| Problem requirements |
Set down all of the entries below exactly, and omit the pictures.

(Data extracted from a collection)
%%

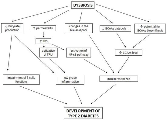 Similar to T1D, T2D is probably associated with LPSs, which trigger the development of inflammation and IR acting through TLR4 [141,142]. TLR4 belongs to a family of pattern-recognition receptors, toll-like receptors, which contribute to the activation of pro-inflammatory signaling pathways, and cytokine expression and secretion in the presence of bacterial pathogens [143,144]. In vitro and in vivo studies have shown that free fatty acids can influence macrophages and adipocytes through TLR4, inducing inflammation. As a result, they are able to suppress insulin signaling through serine phosphorylation of insulin receptor substrate 1 (IRS-1) and influence glucose homeostasis [143,145]. This IRS-1 modification is considered to be a marker of the IR state [146]. It has been indicated that individuals with diabetes are characterized by higher fasting and postprandial concentrations of LPSs, in comparison to non-diabetic individuals, which can be caused by an increased permeability of the intestine and enhanced LPS absorption [141]. Increased circulating LPSs enhance the expression of inducible nitric oxide synthase (iNOS) through the activation of TLR4, which, as a consequence, induces protein S-nitrosation/S-nitrosylation of the insulin receptor, IRS-1 and Akt, and alters their proper functions [147,148,149,150,151]. Moreover, it has been suggested that metabolic endotoxemia dysregulates the inflammatory tone and triggers body weight gain and diabetes [141]. Probably, the gut microbiota have properties to modify this state of inflammation and endotoxemia due to their ability to affect the permeability of the intestine [152,153]. Endotoxemia in obesity and T2D becomes apparent, but there is still a lack of human studies that would show increased intestinal permeability and changed tight junction expression evidently. The possible influence of dysbiosis on T2D development is presented in Figure 3.
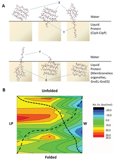 Based on the QM calculations presented, it is clear that aqueous and liquid–protein environments have a strong effect on the folding properties and affinity of protein and peptide segments. The present investigation provides insight at the atomic-level to structural and energetic properties of the mechanical unfolding of small peptide models under the influence of two bulk environments: the aqueous (W) and a membrane-like liquid protein phase (LP) (Figure 4A). Our results demonstrate that the structural water molecules present on the studied peptide motifs are crucial in aiding unfolding, keeping partially unfolded peptide strands connected via H-bonds formed between bridge water molecules and the peptide backbone; however, they also render the folding/unfolding energetics sensitive to molecular environments. The water-aided lateral unfolding of both parallel and antiparallel β-sheet models showed that the unfolding event is favored in W, but it is highly disfavored in an LP-like molecular environment. The calculations indicate that the average stabilization in W relative to LP can be as high as ~2.2 kcal·mol−1 per amino acid in case of the unfolding of antiparallel motifs. This significant value also explains why disordered sequences have high tendency to become folded in environments similar to the LP phase that is in lipid bilayers, in protein cores or in the liquid protein phase of membraneless organelles. In contrast to lateral unfolding, the longitudinal or sheared unfolding direction induces much higher energetic barriers for the process, but a less sensitive environment dependency. These conclusions were fully supported by following the unfolding of a larger model, where both lateral and sheared directions are present (for clarity, see Video S1 in Supplementary Material). Isodesmic reactions provided insight into energetic aspects of how phase change from W to LP can have a very significant effect on the overall stability and 3D structure of most proteins. Based on these, a schematic energy surface of the unfolding process coupled to phase transition was obtained (Figure 4B). The latter provides a quick qualitative interpretation on the effect of phase transfer on the folding or unfolding preference of sheet motifs. We hope that our investigations not only help in better understanding the LP phase of membraneless organelles and the lipophilic interior of biomembranes but also provide quantitative information on why an inner separated hydrophobic region is required for chaperones to drive protein folding more effectively. Furthermore, the obtained results on energetic properties of the peptide backbone can also be relevant in other phenomena related to phase transition, such as the interaction between disordered membrane-active peptides and lipid bilayers.
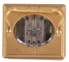 a bit dirty, gilding restored, right side glass with chip at lower right, left glass with chip at lower left, dial with minor scratches, movement with staining, gong with a few spots of oxide, running, striking, and repeating correctly, alarm not functional
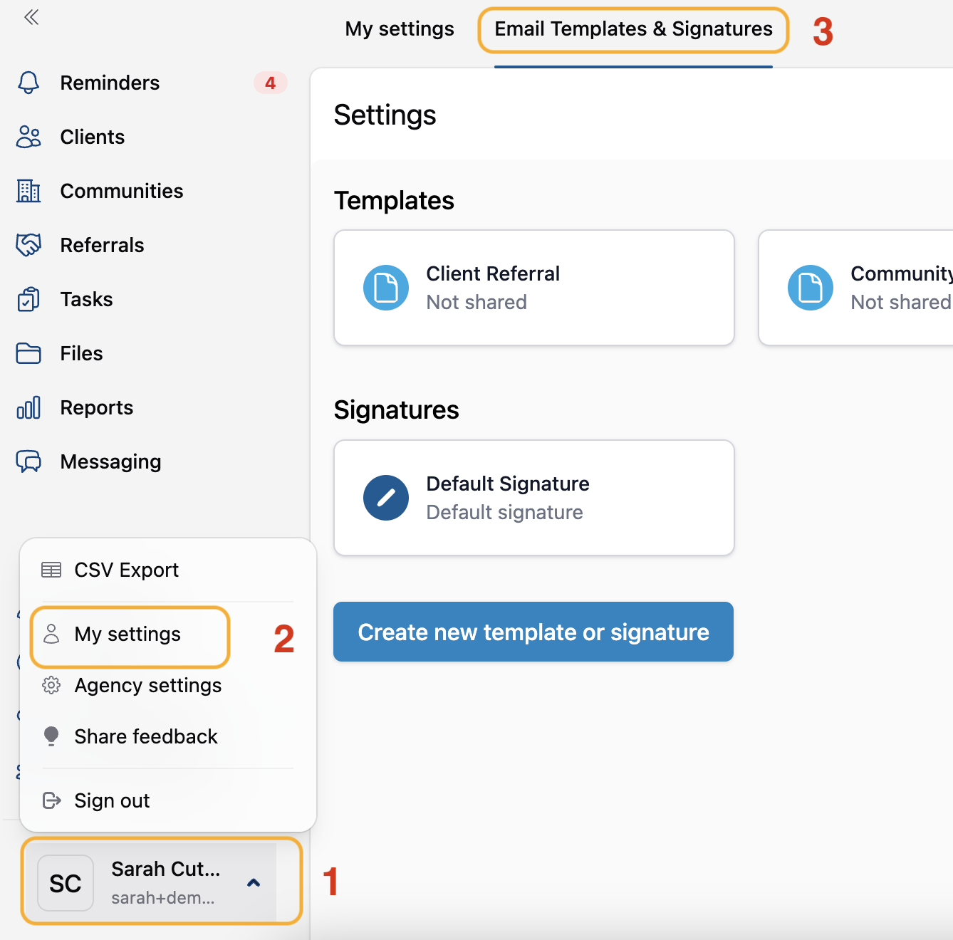 1) Navigate to Email Templates & Signatures Setting
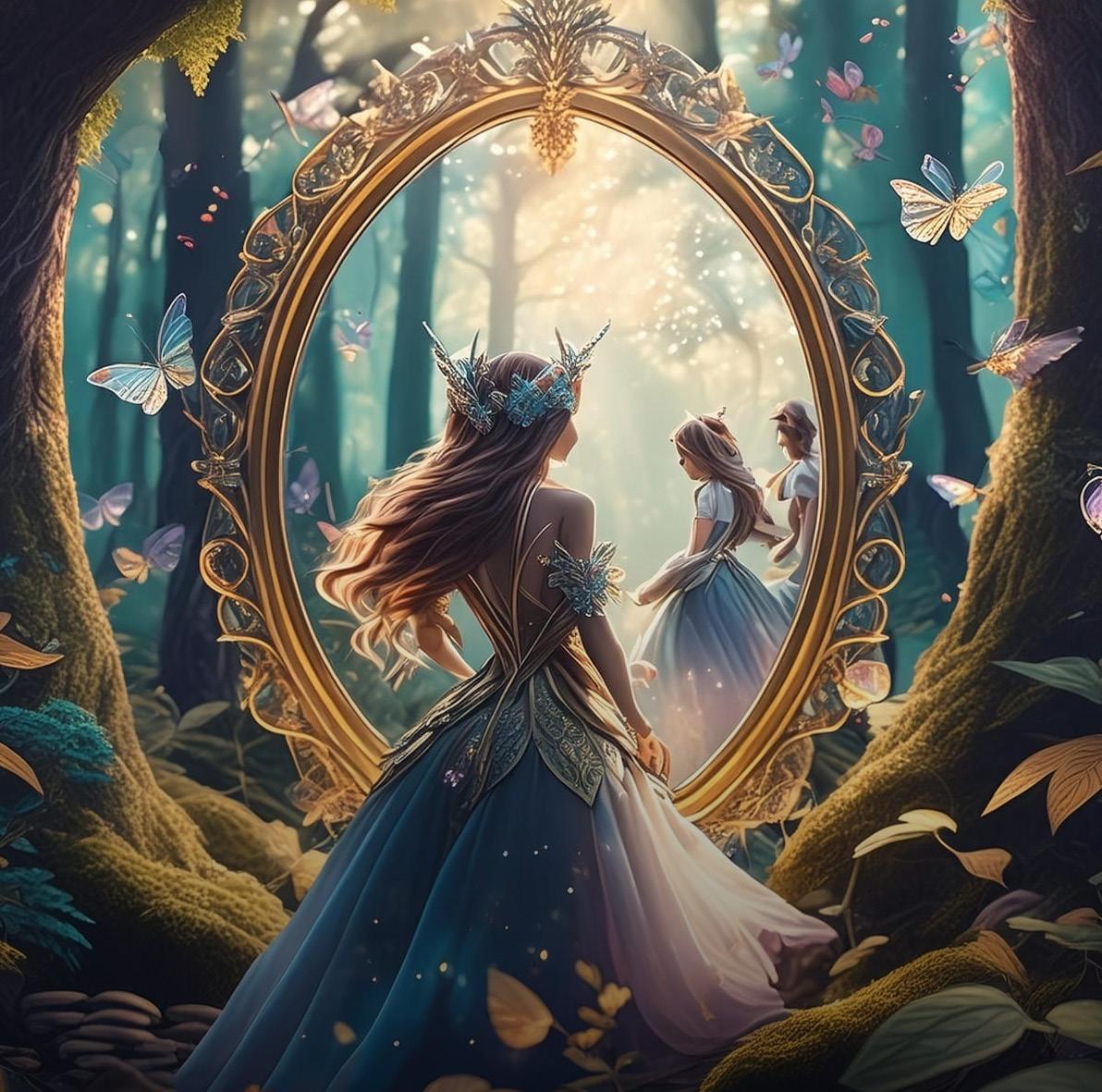 Con curiosidad, limpió la superficie del espejo y se encontró con su reflejo, pero algo era diferente esta vez. El reflejo parecía vibrar con energía mágica, y de repente, una puerta de luz se abrió en el espejo, invitándola a adentrarse en su interio
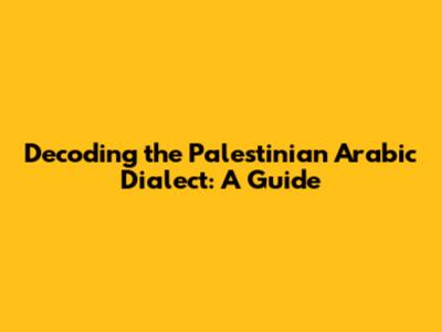 Decoding The Palestinian Arabic Dialect: A Guide
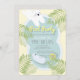 This cute "pool party" baby shower invitation card features one polar bear is just about to jump into a pool while the other polar bear is relaxing and floating in a turquoise blue coloured swimming pool with a inner tube under the palm tree leaves on light yellow background. The reverse side features light grey polka dot background. Change the background colour of both the front and the back, and personalise it for your needs. You can find more polar bear products at my store.
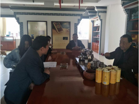 江湖行旅游网总经理吴卫青正在与永巨茶叶有限公司负责人洽谈
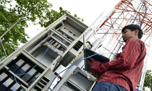 Teknisi di salah satu menara XL (dok)
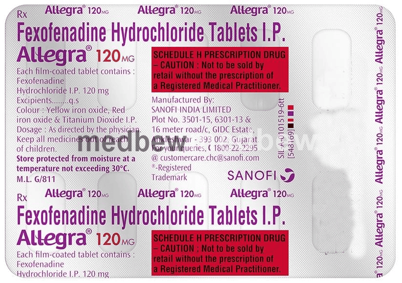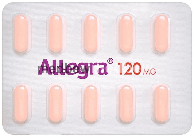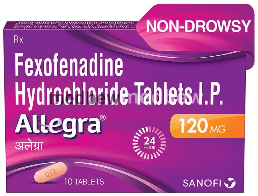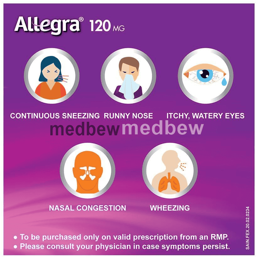 Allegra 120mg Tablet is an anti-allergy medicine used in the treatment of allergic symptoms such as runny nose, congestion or stuffiness, sneezing, itching, swelling, and watery eyes. It also helps treat skin allergies with itching, redness, or swelling.
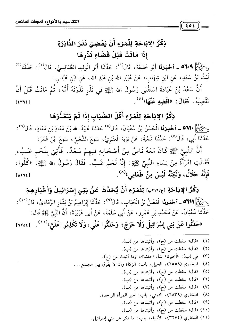 ذِكْرُ الإِبَاحَةِ لِلْمَرْءِ أَنْ يُحَدِّثَ عَنْ بَنِي إِسْرَائِيلَ وَأَخْبَارِهِمْ.
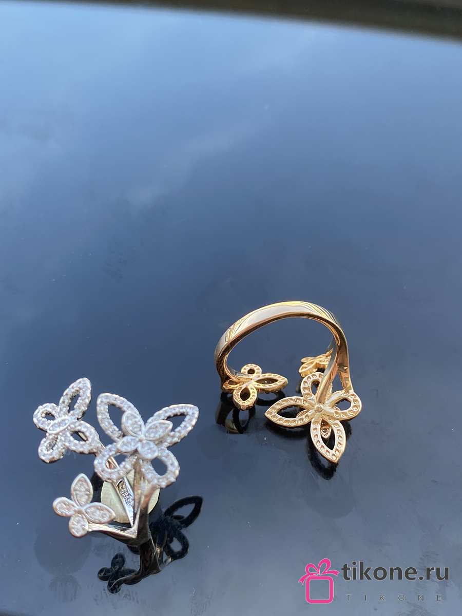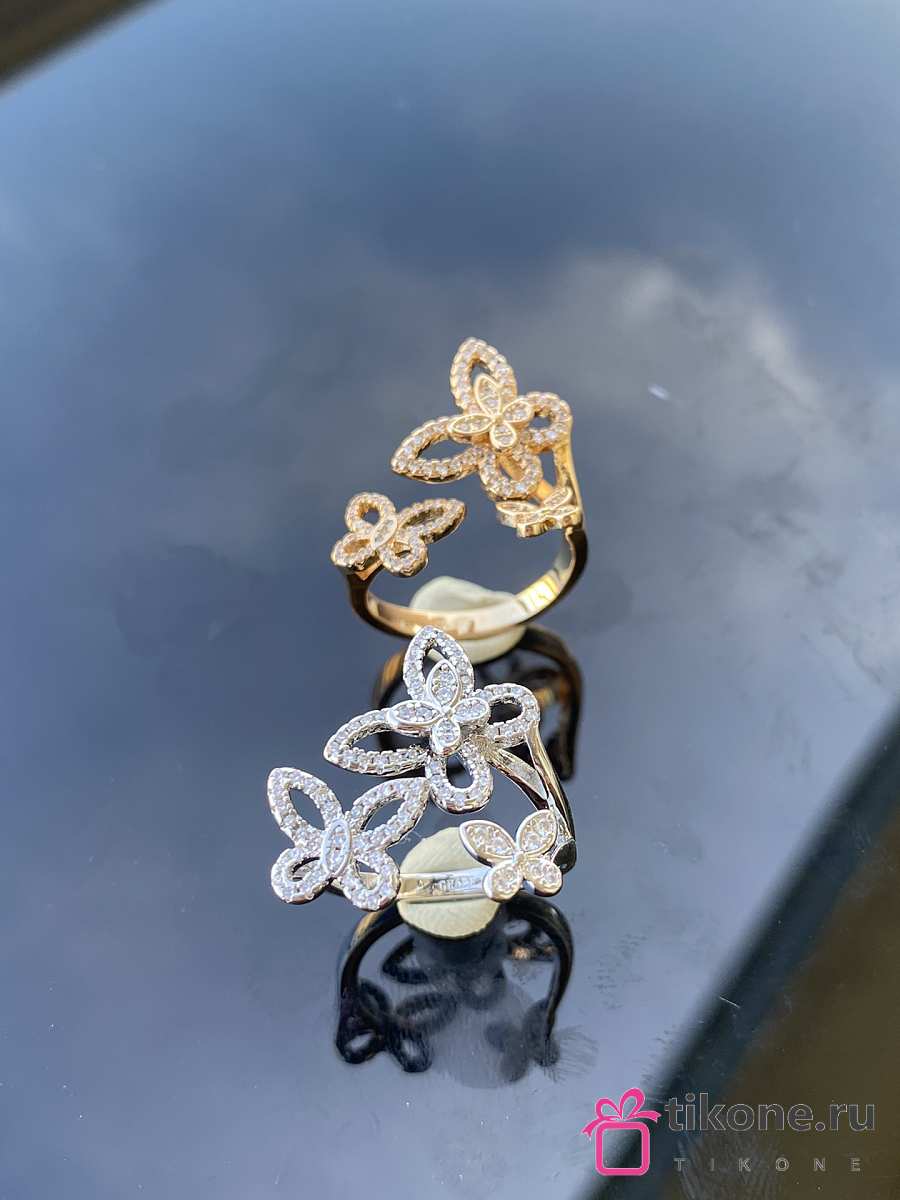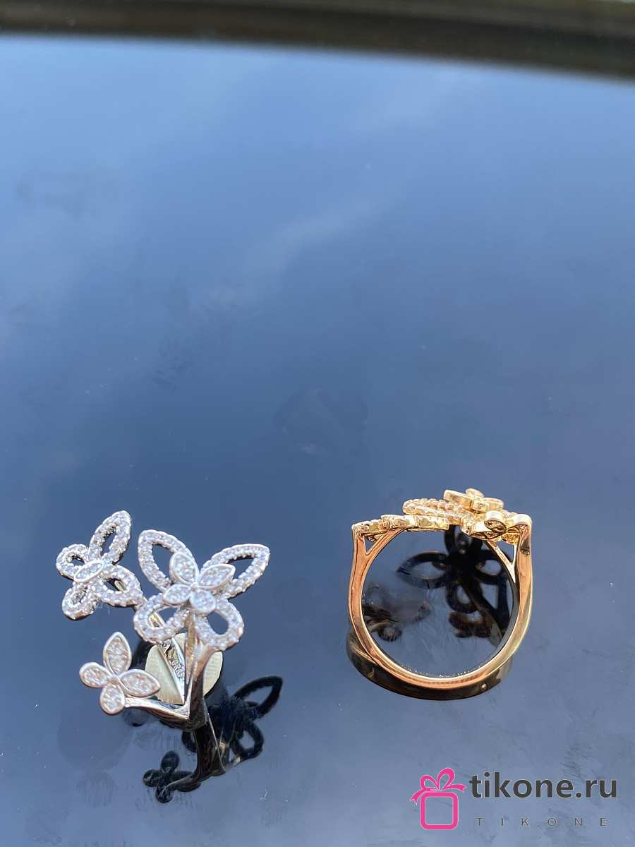 Graff Triple Butterfly Silhouette Diamond Ring White/ Rose Gold
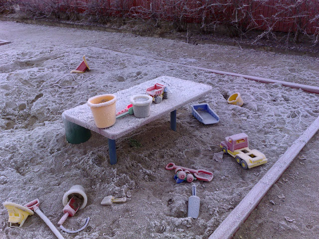 Det känns som det bara var igår när barnen lekte sandslott. Vintern som aldrig kom, lyckades överraska oss ändå. Nu är spaden fast i marken till våren, när det tinar upp. Allt förberett för sommaren. Egentligen rätt praktiskt.
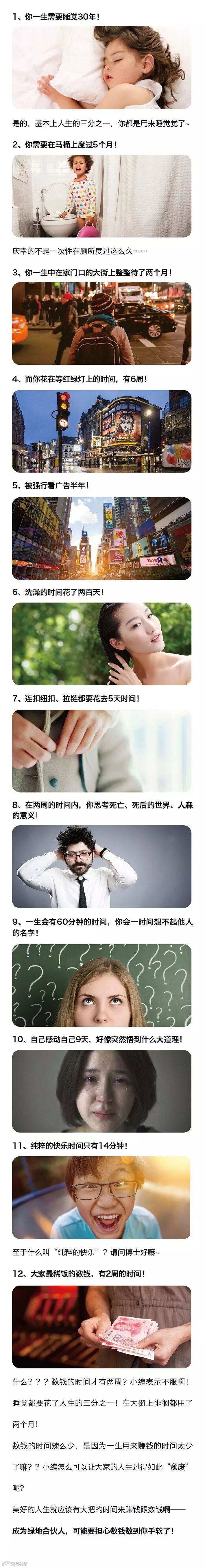 导读:你一生需要睡觉30年,马桶上度过5个月,洗澡花掉200天……

%%

| Answer section |
 Similar to T1D, T2D is probably associated with LPSs, which trigger the development of inflammation and IR acting through TLR4 [141,142]. TLR4 belongs to a family of pattern-recognition receptors, toll-like receptors, which contribute to the activation of pro-inflammatory signaling pathways, and cytokine expression and secretion in the presence of bacterial pathogens [143,144]. In vitro and in vivo studies have shown that free fatty acids can influence macrophages and adipocytes through TLR4, inducing inflammation. As a result, they are able to suppress insulin signaling through serine phosphorylation of insulin receptor substrate 1 (IRS-1) and influence glucose homeostasis [143,145]. This IRS-1 modification is considered to be a marker of the IR state [146]. It has been indicated that individuals with diabetes are characterized by higher fasting and postprandial concentrations of LPSs, in comparison to non-diabetic individuals, which can be caused by an increased permeability of the intestine and enhanced LPS absorption [141]. Increased circulating LPSs enhance the expression of inducible nitric oxide synthase (iNOS) through the activation of TLR4, which, as a consequence, induces protein S-nitrosation/S-nitrosylation of the insulin receptor, IRS-1 and Akt, and alters their proper functions [147,148,149,150,151]. Moreover, it has been suggested that metabolic endotoxemia dysregulates the inflammatory tone and triggers body weight gain and diabetes [141]. Probably, the gut microbiota have properties to modify this state of inflammation and endotoxemia due to their ability to affect the permeability of the intestine [152,153]. Endotoxemia in obesity and T2D becomes apparent, but there is still a lack of human studies that would show increased intestinal permeability and changed tight junction expression evidently. The possible influence of dysbiosis on T2D development is presented in Figure 3.
 Based on the QM calculations presented, it is clear that aqueous and liquid–protein environments have a strong effect on the folding properties and affinity of protein and peptide segments. The present investigation provides insight at the atomic-level to structural and energetic properties of the mechanical unfolding of small peptide models under the influence of two bulk environments: the aqueous (W) and a membrane-like liquid protein phase (LP) (Figure 4A). Our results demonstrate that the structural water molecules present on the studied peptide motifs are crucial in aiding unfolding, keeping partially unfolded peptide strands connected via H-bonds formed between bridge water molecules and the peptide backbone; however, they also render the folding/unfolding energetics sensitive to molecular environments. The water-aided lateral unfolding of both parallel and antiparallel β-sheet models showed that the unfolding event is favored in W, but it is highly disfavored in an LP-like molecular environment. The calculations indicate that the average stabilization in W relative to LP can be as high as ~2.2 kcal·mol−1 per amino acid in case of the unfolding of antiparallel motifs. This significant value also explains why disordered sequences have high tendency to become folded in environments similar to the LP phase that is in lipid bilayers, in protein cores or in the liquid protein phase of membraneless organelles. In contrast to lateral unfolding, the longitudinal or sheared unfolding direction induces much higher energetic barriers for the process, but a less sensitive environment dependency. These conclusions were fully supported by following the unfolding of a larger model, where both lateral and sheared directions are present (for clarity, see Video S1 in Supplementary Material). Isodesmic reactions provided insight into energetic aspects of how phase change from W to LP can have a very significant effect on the overall stability and 3D structure of most proteins. Based on these, a schematic energy surface of the unfolding process coupled to phase transition was obtained (Figure 4B). The latter provides a quick qualitative interpretation on the effect of phase transfer on the folding or unfolding preference of sheet motifs. We hope that our investigations not only help in better understanding the LP phase of membraneless organelles and the lipophilic interior of biomembranes but also provide quantitative information on why an inner separated hydrophobic region is required for chaperones to drive protein folding more effectively. Furthermore, the obtained results on energetic properties of the peptide backbone can also be relevant in other phenomena related to phase transition, such as the interaction between disordered membrane-active peptides and lipid bilayers.
 a bit dirty, gilding restored, right side glass with chip at lower right, left glass with chip at lower left, dial with minor scratches, movement with staining, gong with a few spots of oxide, running, striking, and repeating correctly, alarm not functional
 1) Navigate to Email Templates & Signatures Setting
 Con curiosidad, limpió la superficie del espejo y se encontró con su reflejo, pero algo era diferente esta vez. El reflejo parecía vibrar con energía mágica, y de repente, una puerta de luz se abrió en el espejo, invitándola a adentrarse en su interio
 Decoding The Palestinian Arabic Dialect: A Guide
 This cute "pool party" baby shower invitation card features one polar bear is just about to jump into a pool while the other polar bear is relaxing and floating in a turquoise blue coloured swimming pool with a inner tube under the palm tree leaves on light yellow background. The reverse side features light grey polka dot background. Change the background colour of both the front and the back, and personalise it for your needs. You can find more polar bear products at my store.
 江湖行旅游网总经理吴卫青正在与永巨茶叶有限公司负责人洽谈
 Teknisi di salah satu menara XL (dok)
 Allegra 120mg Tablet is an anti-allergy medicine used in the treatment of allergic symptoms such as runny nose, congestion or stuffiness, sneezing, itching, swelling, and watery eyes. It also helps treat skin allergies with itching, redness, or swelling.
 ذِكْرُ الإِبَاحَةِ لِلْمَرْءِ أَنْ يُحَدِّثَ عَنْ بَنِي إِسْرَائِيلَ وَأَخْبَارِهِمْ.
 Graff Triple Butterfly Silhouette Diamond Ring White/ Rose Gold
 Det känns som det bara var igår när barnen lekte sandslott. Vintern som aldrig kom, lyckades överraska oss ändå. Nu är spaden fast i marken till våren, när det tinar upp. Allt förberett för sommaren. Egentligen rätt praktiskt.
 导读:你一生需要睡觉30年,马桶上度过5个月,洗澡花掉200天……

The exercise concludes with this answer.